Silenced but exonerated, Galileo confined himself for the next several years to the safe application of his great discoveries, such as using the moons of Jupiter to solve the problem of finding longitude at sea – especially as success might win him the lucrative prize offered by the king of Spain – and studying the companion bodies of Saturn to try to determine their true size and shape.
On 4 October, the feast day of Saint Francis of Assisi, Galileo heard his elder daughter profess her vows at the Convent of San Matteo in Arcetri, about a mile from Florence, where she had already lived for three years. It is possible that when Galileo first arranged for his girls’ entry into the convent, he had only their immediate future in mind, and not a lifetime plan. Nevertheless, no husbands had been found.

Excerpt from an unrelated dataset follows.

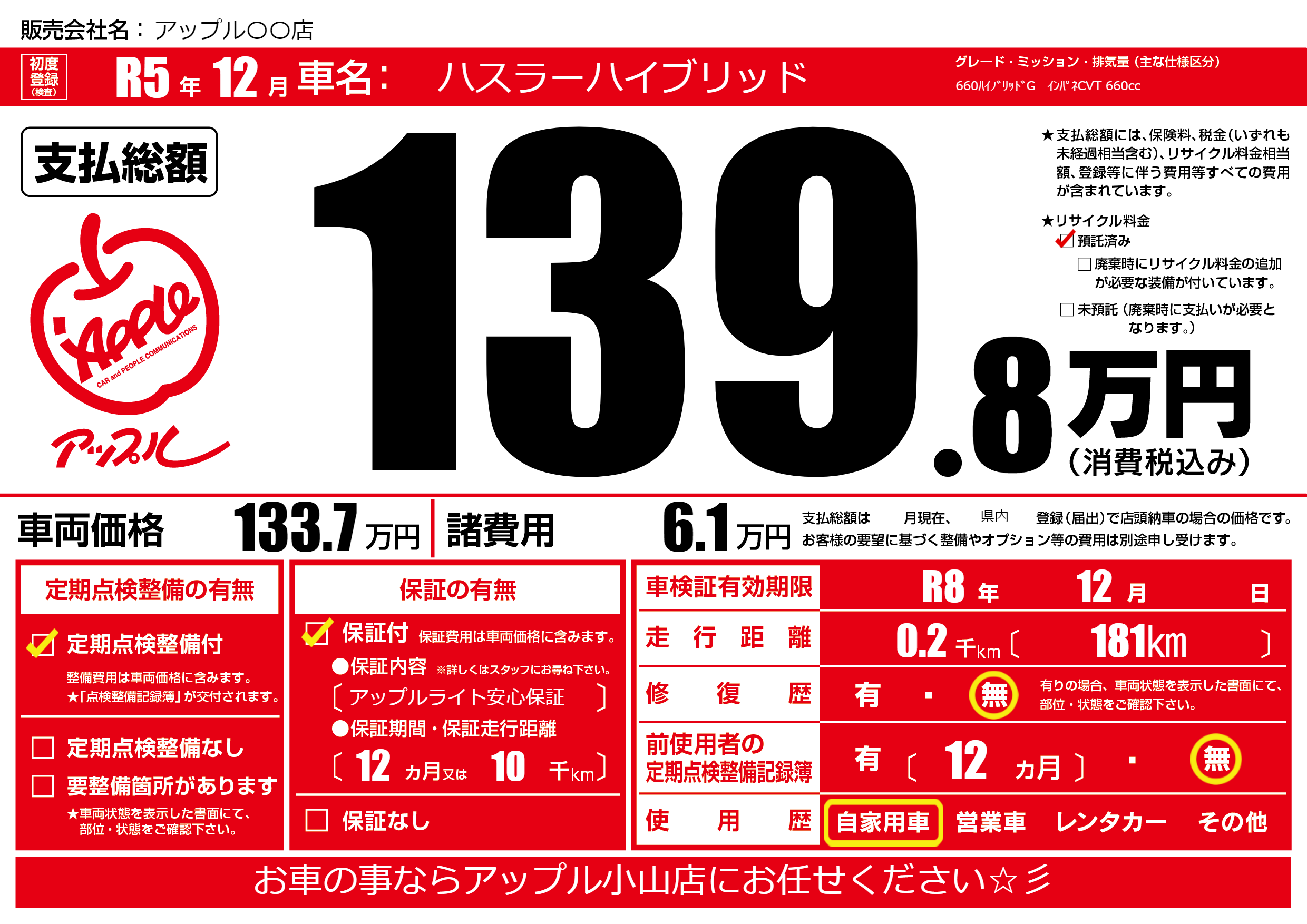 保証付き 保証内容(アップルライト安心保証) 12ヶ月または(10)千kmまで |

The form of life of the Order of the Poor Sisters which the blessed Francis founded is this: to observe the holy Gospel of our Lord Jesus Christ, by living in obedience, without anything of one’s own, and in chastity.
THE RULE OF SAINT CLARE, chapter I
At the ceremony of her investiture Virginia relinquished her given name to be known henceforward as Suor Maria Celeste – the name God had chosen for her and whispered in her heart.

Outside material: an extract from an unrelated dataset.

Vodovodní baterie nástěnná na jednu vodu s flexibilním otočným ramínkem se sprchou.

From then on, it shall not be permitted her to go outside the monastery.
THE RULE OF SAINT CLARE, chapter II
The next autumn, on 28 October 1617, Livia followed her sister to become Suor Arcangela. Both girls would spend the rest of their lives at San Matteo.
He Himself deigned and willed to be placed in a sepulchre of stone. And it pleased Him to be so entombed for forty hours. So, my dear Sisters, you follow Him. For after obedience, poverty and pure chastity, you have holy enclosure to hold on to, enclosure in which you can live for forty years either more or less, and in which you will die. You are, therefore, already now in your sepulchre of stone, that is, your vowed enclosure.

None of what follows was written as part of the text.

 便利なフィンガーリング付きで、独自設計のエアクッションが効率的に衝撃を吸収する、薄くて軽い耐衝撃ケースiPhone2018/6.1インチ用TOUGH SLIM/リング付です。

THE TESTAMENT OF SAINT COLETTE
In a desultory manner, Galileo continued to share his abortive theory on the tides with friends in Italy and abroad. ‘I send you a treatise on the causes of the tides’, Galileo replied in 1618 to a request from Austrian archduke Leopold for a sample of his work, ‘which I wrote at the time when the theologians were thinking of prohibiting Copernicus’s book and the doctrine enounced therein, which I then held to be true, until it pleased those gentlemen to prohibit the work and to declare the opinion to be false and contrary to Scripture. Now, knowing as I do that it behooves us to obey the decisions of the authorities and to believe them, since they are guided by a higher insight than any to which my humble mind can of itself attain, I consider this treatise which I send you to be merely a poetical conceit, or a dream…this fancy of mine…this chimera.’